Sorry, but you will not be able to find such tables. Such numbers are
actually called molar extinction coefficients. In real practical life
they are applicable to only UV and visible light range. The reason for
this is a fundamental difference between absorption of electromagnetic
energy (i.e. light) by molecules depending upon the energy of photons
(quanta, whatever you want to call it). I am assuming you are familiar
with wavelengths scale and corresponding energy of em-waves. Shorter
wavelength corresponds to higher energy. You could imagine a similar
energy scale of molecules (or chemical bonds) by a property being able
to absorb energy. A molecule can only absorb light (or other
em-radiation) if there is a resonating frequency which is an intrinsic
property of a molecule or chemical bond.
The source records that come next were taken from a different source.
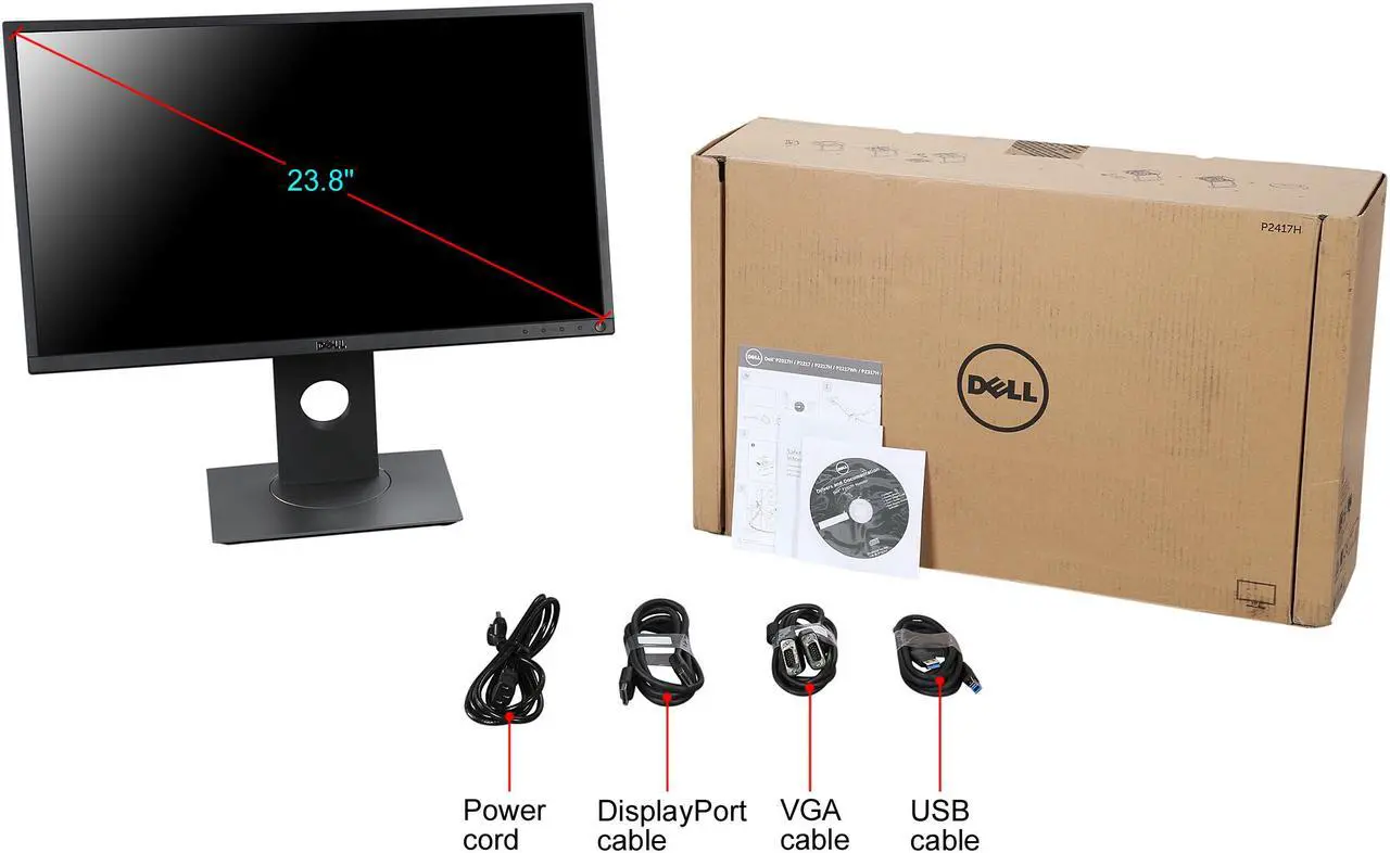 24-Inch Dell P2417H Full HD IPS Business Monitor,6 ms,DisplayPort + HDMI + VGA + USB Hub,Thin Bezel,ComfortView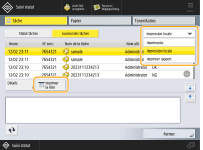 (Suivi statut), l'écran de Suivi statut s'affiche, vous permettant de vérifier l'historique des utilisations de chaque fonction comme la copie, l'impression, l'envoi d'e-mails, l'envoi/réception de I-fax, etc. À partir de cet écran, vous pouvez aussi imprimer l'historique des utilisations de chaque fonction.![]() |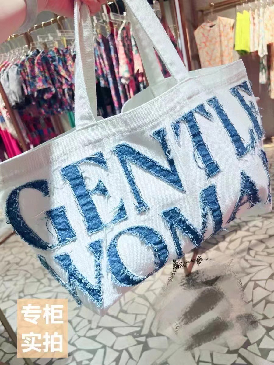 데님 가방 태국 트렌드 브랜드 대용량 핸드백 레터링 백 숄더백 데님 레터링 패치 백 스트리트 패션스토어 가기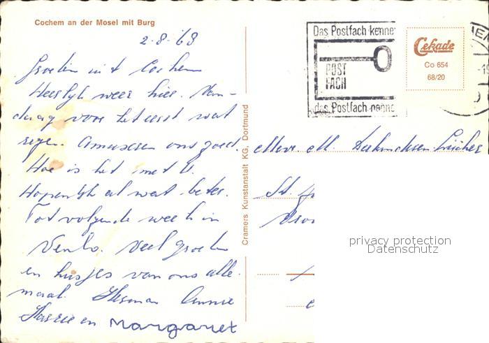 72451994 alte Postkarte Cochem Mosel Blick ueber die Mosel zur Burg postalisch gelaufen Erhaltung siehe scans KatCode: 11110007135020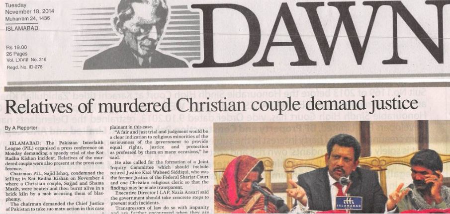 Sajid Ishaq in Kot Radha Kishan Incident, Press Releases 18 November 2014
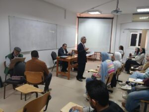 قدم الورشة الدكتور ثروت فتحي، أستاذ الصحافة بكلية التربية النوعية جامعة القاهرة، من منظور إبداعي وثقافي حيث استعرض خلالها مفهوم فن الكاريكاتير وتطوره على المستوى العالمي، وبداياته في مصر، موضحًا أن رسم الكاريكاتير يقترب كثيرًا من المبدع، باعتباره رؤية إبداعية للفنان ورؤية خاصة للحدث، مشيرًا إلى أن رسام الكاريكاتير يقترب في جوهره من الفنان التشكيلي.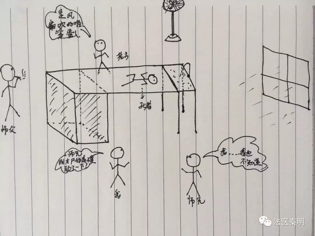 第三秒,当风扇第二次转到尸体这边的时候,我们才反应过来,原来是风扇吹的!风扇摆头刚好摆到这边,袖口动的这一刻,刚好被我们三个同时看到了~就是这么巧!我想那一刻大概我们三个的心脏都漏跳了一拍吧,真应了那句话:“非风动,非幡动,仁者心动”啊(工作并不总是那么严肃,有时候还是挺欢乐的)。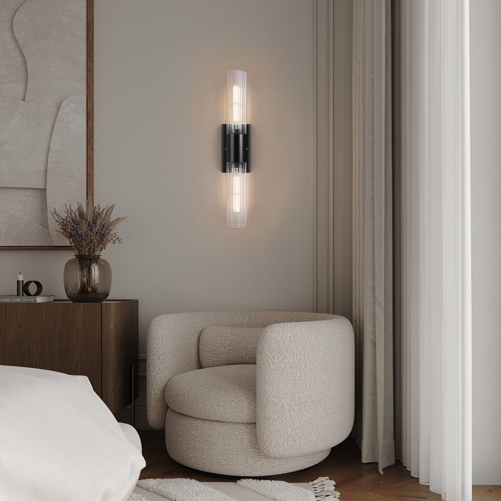 🔶 Durable Iron + Glass Options – Clear or Ribbed for Style: Crafted from heavy-duty iron and high-quality glass, these sconces wall lighting fixtures are built to last. Choose between crystal-clear glass or elegant ribbed glass shades to match your personal style. The timeless black finish blends seamlessly with modern interiors, making it ideal for bathroom wall sconces, bedroom sconces set of 2, and black wall sconces set of two.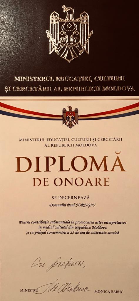 Ministerul Culturii Republicii Moldova i-a decernat lui Paul Surugiu o distincție de onoare pentru contribuția deosebită adusă muzicii și pentru cei 25 de ani carieră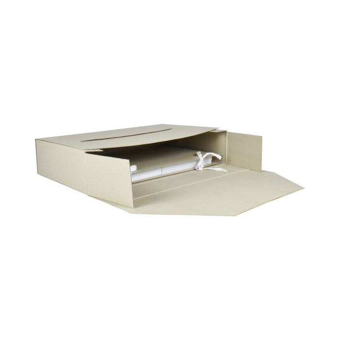 Škatuľa pre náročnú archiváciu - obal na odovzdanie dokumentov so znakom `A` do Štátneho archívu. Vyrobená z hladkej archívnej lepenky.

Now, imagine screening
through levels of energy (i.e. wavelength) going from high (UV-light)
through medium (regular visible light) to low (heat energy or IR) to
even lower (radio waves). You need to consider what is it in a
molecule that lets it absorb a particular band of em-radiation. There
are several things that do (bear in mind that this is very simplistic
explanation):
- chemical bonds can vibrate along with direction of a bond (i.e. UV-vis spectra);
- chemical bonds can rotate around an axis of a bond (i.e. IR-specra);
- electron shells can rotate (as a whole thing) around a nuclei within
a molecule (NMR spectra, when interact with certain nuclei on magnetic
level);
- etc.
Each of those "things" have specific most favorable frequencies, which
depend on chemical composition and structure of molecules.
When a molecule is irradiated with em-energy, a particular band of
energy that matches most favorable for a molecule, or a bond in a
molecule, will be absorbed by that molecule, just because it can.
Everything else will pass through without any change. This is
(simplistically) a basis for spectrophotometry as a method for
identification of molecules or chemical bonds within molecules.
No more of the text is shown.